Since 1-2 years there are some articles available which are introducing C++ as the best programming language ever which is superior to Java, C# and Python. Are these articles right? To answer the question we must take a look back into the year 1995. The advantage is, that the history is well understood and many material is available. How was the situation in programming language in the past? Programming in C++ was possible but there was many pitfalls out there. At first, the Borland C++ compiler cost a lot of money and needs huge ressources. If somebody was interested in writing a simple Hello World program such a compiler was not the best choice, the better idea was to use a basic interpreter from MS-DOS or the Commodore 64.
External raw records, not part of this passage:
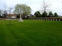 This cemetery's name means "tile factory", as it was begun in the grounds of a tile works in 1915.[2] The chimneys of the tile works were very visible and provided a means for the opposing side to calibrate their shells. This led to the cemetery itself being heavily shelled and the sites of most of the original graves were lost.[2][3] Most of the gravestones are positioned around the edges[2] of the otherwise empty-looking cemetery, and are marked "known to be buried in this cemetery", with the default additional phrase "Their glory shall not be blotted out", a line suggested by Rudyard Kipling.[4][5]
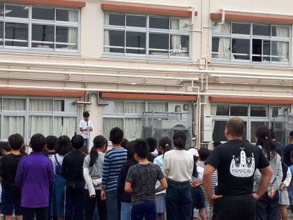 そこで、今朝は、校長先生の不在のお知らせをしました。そして、先週の仲よし学級の連合運動会と今週の6年生の連合運動会について紹介し、今週1週間、何かひとつ「がんばる目標」を自分で決めて、「一緒にがんばろう!」ということを話しました。
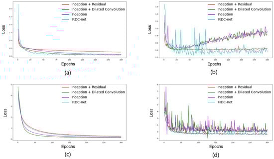 The results also demonstrated that the dilated convolution and residual module improve the classification performance (Table 5). Figure 11b,d show that, after removing the dilated convolution, the training error increased slightly. This is because dilated convolution works to enlarge the receptive field size, which can then capture more information from the model’s input; the increase in the training error can, therefore, be attributed to the reduction in the receptive field size.
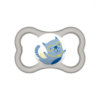 Jego budowa zapobiega przesuwaniu, dzieki czemu smoczek pozostaje tam, gdzie jego miejsce - w buzi dziecka
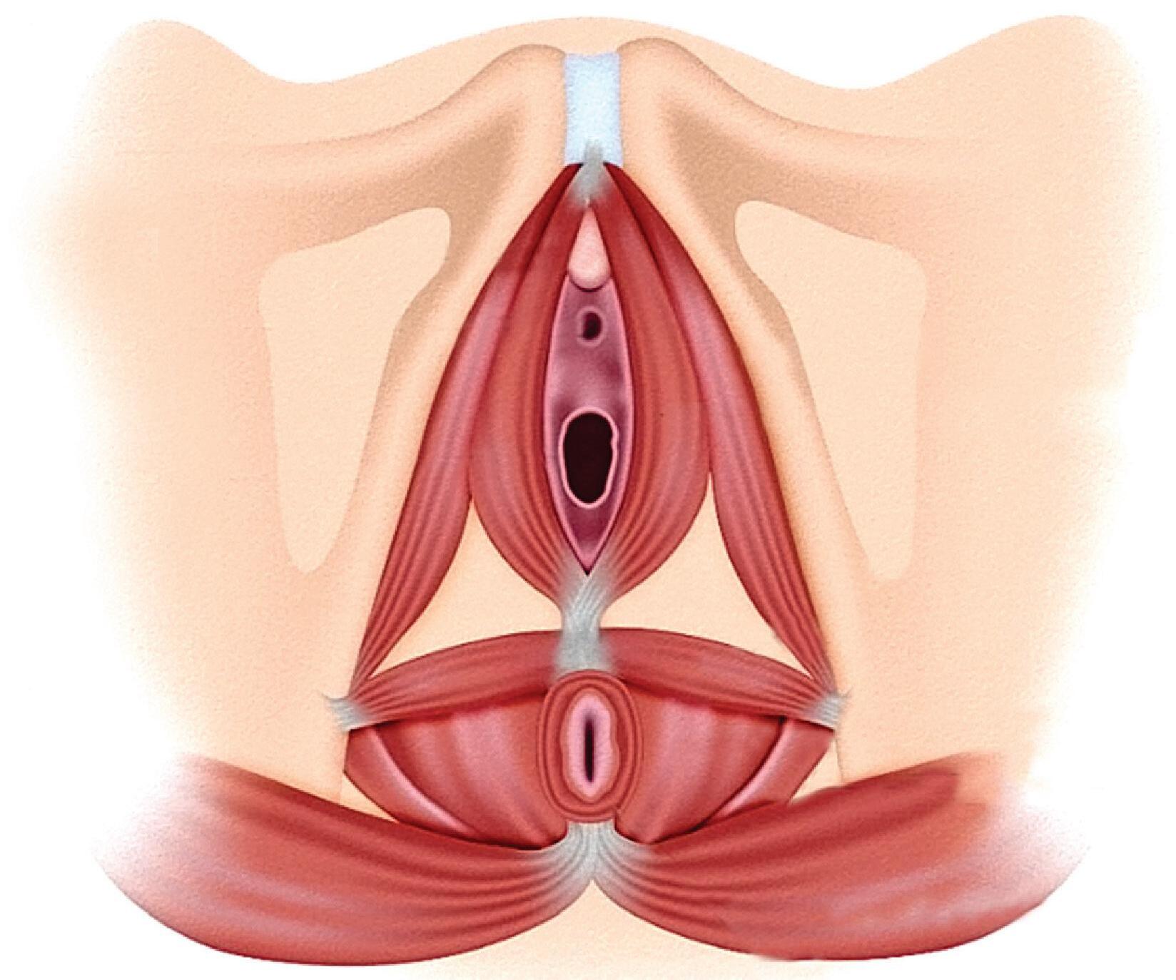 períneo, o ísquio cavernoso e o bulbo cavernoso, os profundos são o transverso profundo e o esfíncter externo da uretra. No triângulo urogenital estão incluídas as estruturas genitais externas e a abertura uretral. Estas estruturas externas cobrem os espaços superficial e profundo do períneo que formam a vulva (Fig. 1-10).
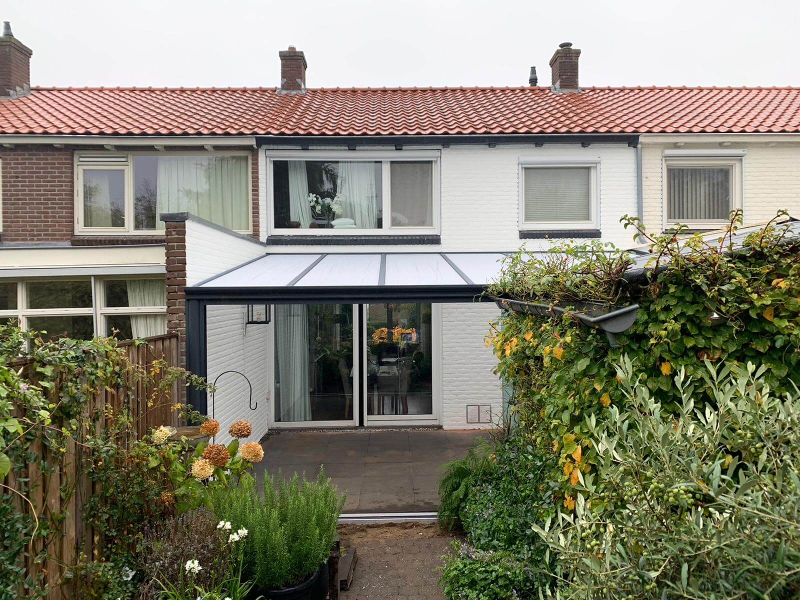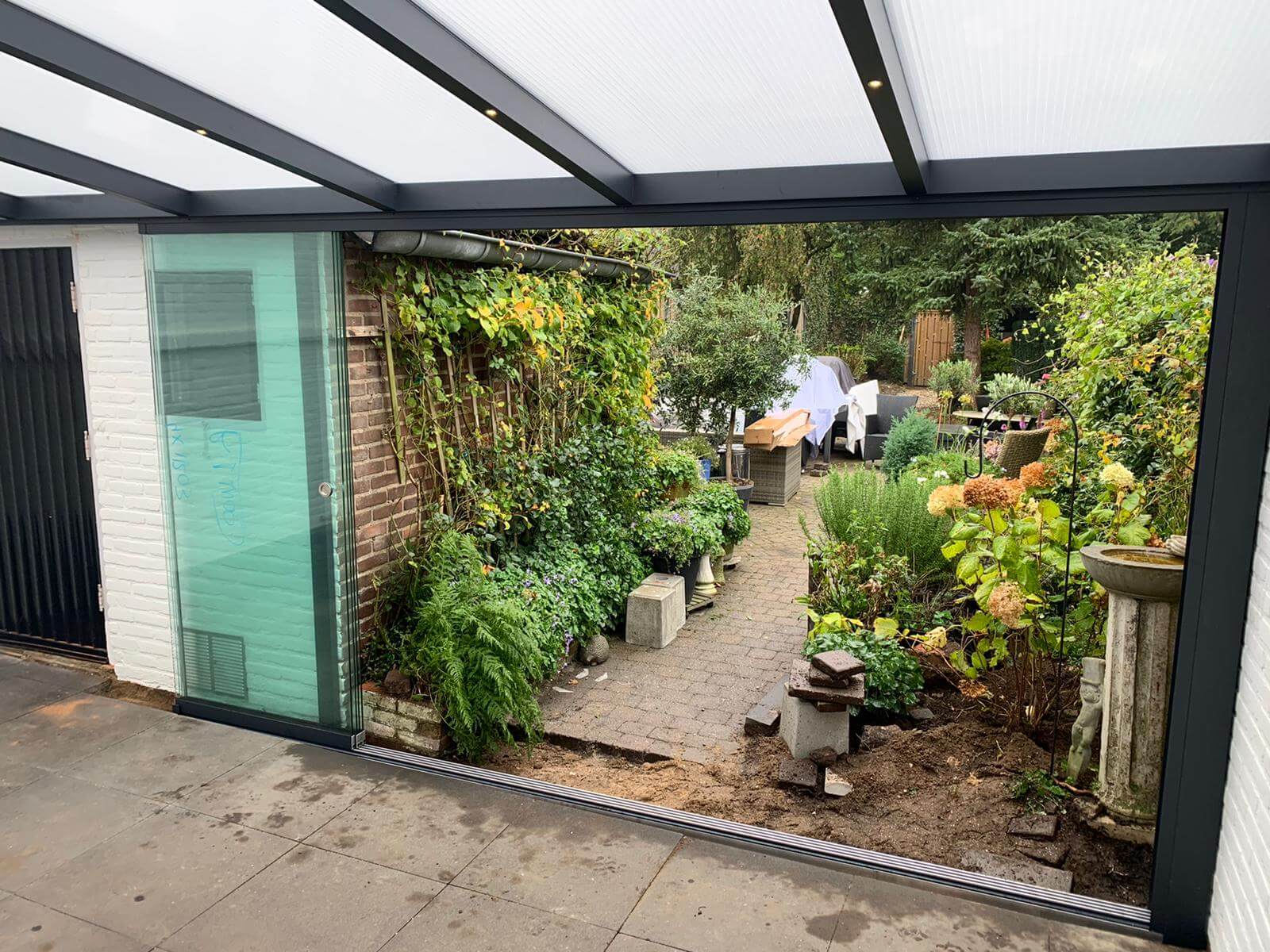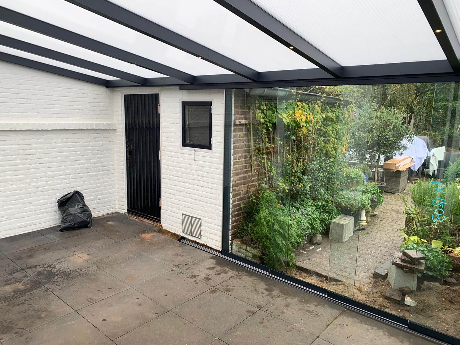 Fiano glaswanden gemonteerd in een nieuwe Giallo Terrasoverkapping. Deze overkapping is op maat gemaakt om tussen de 4 muren te passen.
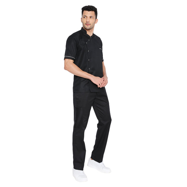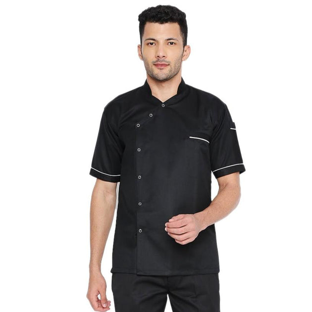 11Modern Half Sleeve Chef Coat Snap Button (Black/White) - Free Embroidery

But, it was clear that at least in the year 1995, C++ was an advanced high-end programming language. Because it contains lots of features: compilation of sourcecode result into fast applications, object-oriented programming is highly productive and templates allows to write the same algorithm with less code. Suppose, somebody was familiar with C++, has a lot of money and has also a fast developer workstation, then C++ was the way to go.
Since then lots have changed. State-of-the-art C++ compilers like GCC are available for free, a cheap consumer PC can be used as a workstation and new language feature like std::vector allows it to use C++ like Python. C++ works the same like in the year 1995 but without the pitfalls. And that is the reason, why some people are arguing that C++ is the language of the future. Basically it is the same language like in the year 1995, but today the costs are much lower. Perhaps the most interesting aspect is, that C++ scales to many demands. At first it is possible to write any application with it: web application, command line programs, GUI applications, games, compilers and operating systems. And secondly it is possible to use a C++ compiler in many ways. The beginner can program in C++ like in a python interpreter. That means he is writing down a hello world function which contains apart from a loop and an if-statement no interesting feature, while the expert programmer can define his own class library and use template metaprogramming. It is even possible to extend C++ into a stack-based programming language, which is called UNconventional Threaded Interpretative Language (UNTIL) and was invented by Norman E. Smith.
A look back into the year 1995 is also useful to determine the importance of GUI-libraries. In 1995 there were two major libraries out there: Object Window Library (OWL) from Borland, and Microsoft Foundation Classes (MFC; Microsoft). Such a library together with an object-oriented language is a powerful tool for creating complex application in a short amount of time. And this answer perhaps the question which programming language is right for today. In the year 2018 there are also two important open question: which language is right, and which GUI library is right?
Let us take a look into a bottleneck of today's C++ development. Under MS-Windows, C++ works great. Or to say it better: there are C++ libraries out there. If the user want's to program in Linux a GUI application he will run into trouble. The gtkmm library is available, it can be installed for free, but it is very weak documented and no introduction tutorials are available. That means, a newbie is not able right now to program under Linux a C++ GUI application. In contrast the situation in Windows is much better. I would guess, that a missing C++ GUI library which is well documented in an open Source operating system is the major bottleneck in todays C++ development. That means, if somebody is arguing he is not using C++ but C# under MS-Windows because it has the better library then he is probably right.